Developing Nairobi as a financial hub will open the region to climate finance

Mark Napier

Chief Executive Officer

When it comes to the big debates about climate change, Africa is the forgotten continent. It receives less than 3% of global climate finance and yet 30 out of the 40 most climate-vulnerable countries in the world are in Africa. It contributes the least to global warming and yet extreme weather events are growing in both frequency and severity with a shocking knock-on impact on biodiversity loss.

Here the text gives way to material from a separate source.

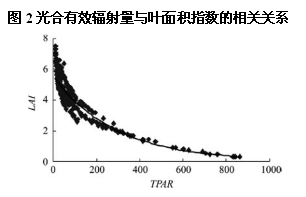 通過光合有效輻射計(jì)的研究分析,并結(jié)合表1表明,生育期內(nèi)不同處理的光合有效輻射量具有相同的變化趨勢,均呈倒拋物線形,即隨著小麥生育進(jìn)程逐漸減小,抽穗期達(dá)到最低點(diǎn),隨著成熟期小麥生長的減弱,光合有效輻射量逐漸增大,光合有效輻射量隨著播期的推遲逐漸增大,光合有效輻射量的動態(tài)變化與葉面積指數(shù)呈相反的趨勢。圖2是不同播期小麥各生育期光合有效輻射量與葉面積指數(shù)的相關(guān)關(guān)系圖,光合有效輻射量與葉面積指數(shù)負(fù)相關(guān),經(jīng)顯著性分析,為極顯著負(fù)相關(guān)。

However, while we tend to see Africa merely as a victim of climate change, this ignores the fact that could be a large part of the solution as well.

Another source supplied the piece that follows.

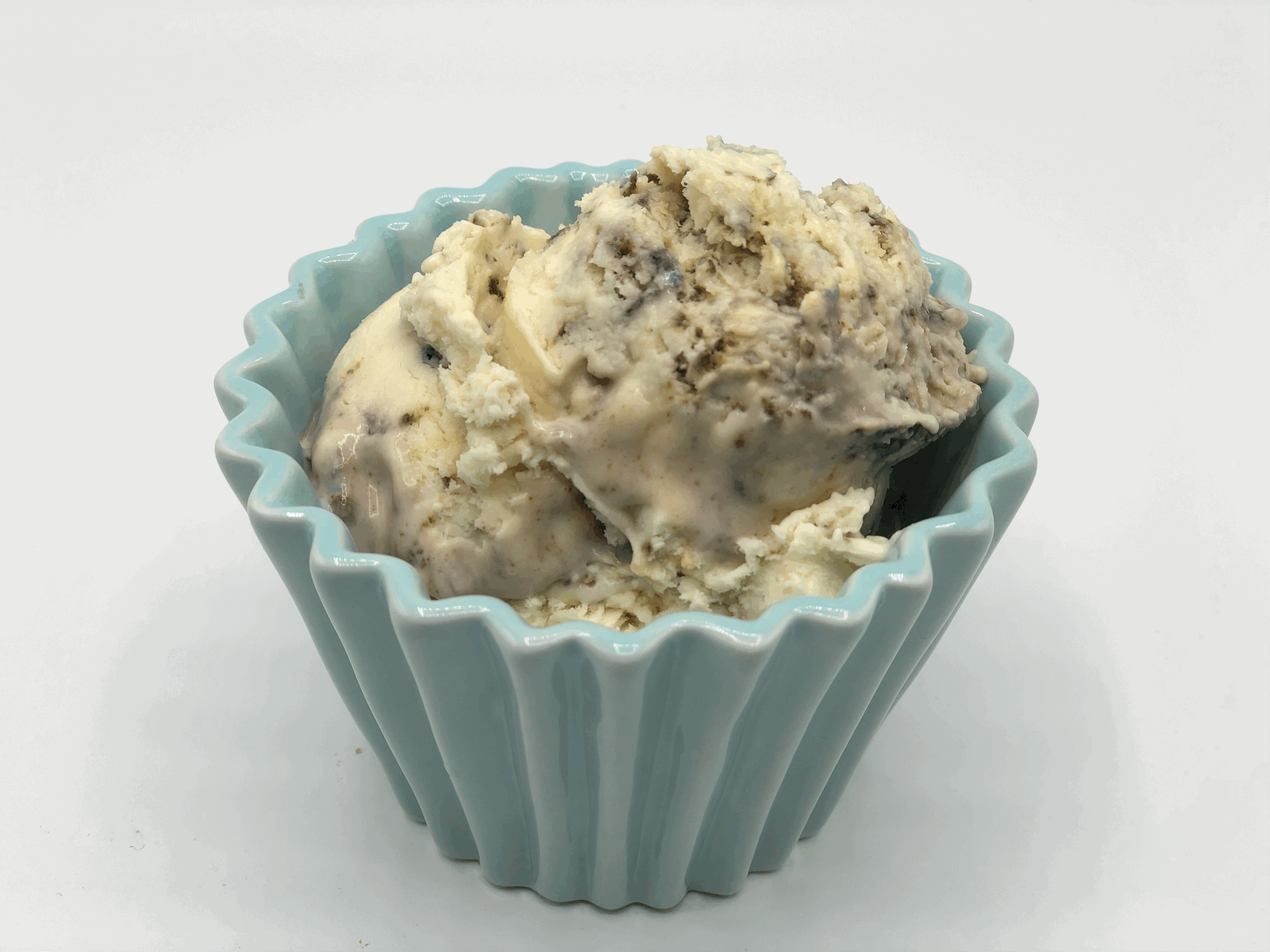 If you would like to add anything to your ice cream like crushed cookies, do this once the mixture has reached stiff peaks and fold them in with a spatula, careful to not deflate the ice cream.

From the forests of Gabon to the Congo Basin in Central Africa, the continent is rich in natural capital while countries like Kenya have been leading on the shift to green energy with 90% of its energy production already in renewables. Although progress has been too slow and fragmentary, African countries have been getting themselves ready to receive a much bigger share of global climate finance. Once this is invested in green projects, it will benefit the whole planet.

Kenyan President Uhuru Kenyatta’s visit to London has highlighted Kenya’s role as a leader in green finance.  The country has already removed tax on interest on green bonds. It has drafted a green fiscal policy incentives framework covering the entire whole economy and is now considering a carbon tax as well. In addition, Kenya’s inaugural sovereign green bond is now imminent.

This is significant in several ways not least that it is about a new type of relationship between sub-Saharan Africa’s 3rd biggest economy and the UK; one based on investment rather than aid, whilst at the same time showing how smart, targeted British support, which has been crucial to the development of the green bond, can help unlock that investment.

There can be no better symbol of that new relationship than the agreement, announced between the City of London and Nairobi’s International Financial Centre (NIFC), backed by one of the UK’s biggest financial institutions. NIFC has been established to make it easier and more attractive for firms to offer financial services and related activities in Kenya and the region, reinforcing Kenya’s position as a hub for investment in the region. The hope is that the NIFC will provide a huge boost to investment in Kenya, and it is expected that an increasing amount of this will be from the UK and green.

For UK investors who may have shied away from what they regarded as risky investments, green bonds offer an attractive route to investing in developing markets because of the greater transparency requirements they need to be verified as genuinely green.

For Kenya and other developing countries, green finance is attractive because of the huge growth in ESG funds chasing investment opportunities. This is particularly important at a time when these countries are having to deal with the financial impact of the Covid pandemic.

If they are to truly capitalise on this opportunity, they will need to provide assurance to investors that they can offer a stable, regulatory environment. Having a clear tax and contract enforcement framework is vital.  But they will also need to demonstrate their commitment to a green economic development pathway.

One of the biggest challenges for Kenya and other African countries is to create investment grade projects that are large enough to absorb the capital that is already available. For instance, a large institutional investor in the UK might look for a minimum investment size of $50-150m but they might only be allowed to take a small proportion of the total capital being raised. These two factors together would imply a total deal size that is huge by African standards.

So more effort needs to go into, first, supporting green project transaction development, and, secondly, creating the guarantee structures that will help to get the project financing over the line.

We also need different conduits to pool institutional capital and give big investors diversified exposure to a basket of green projects, so that Africa can get the capital it needs to build a sustainable future. That is where initiatives like the NIFC can play a big role in ensuring that Africa is no longer the forgotten continent but a leader in the green finance revolution.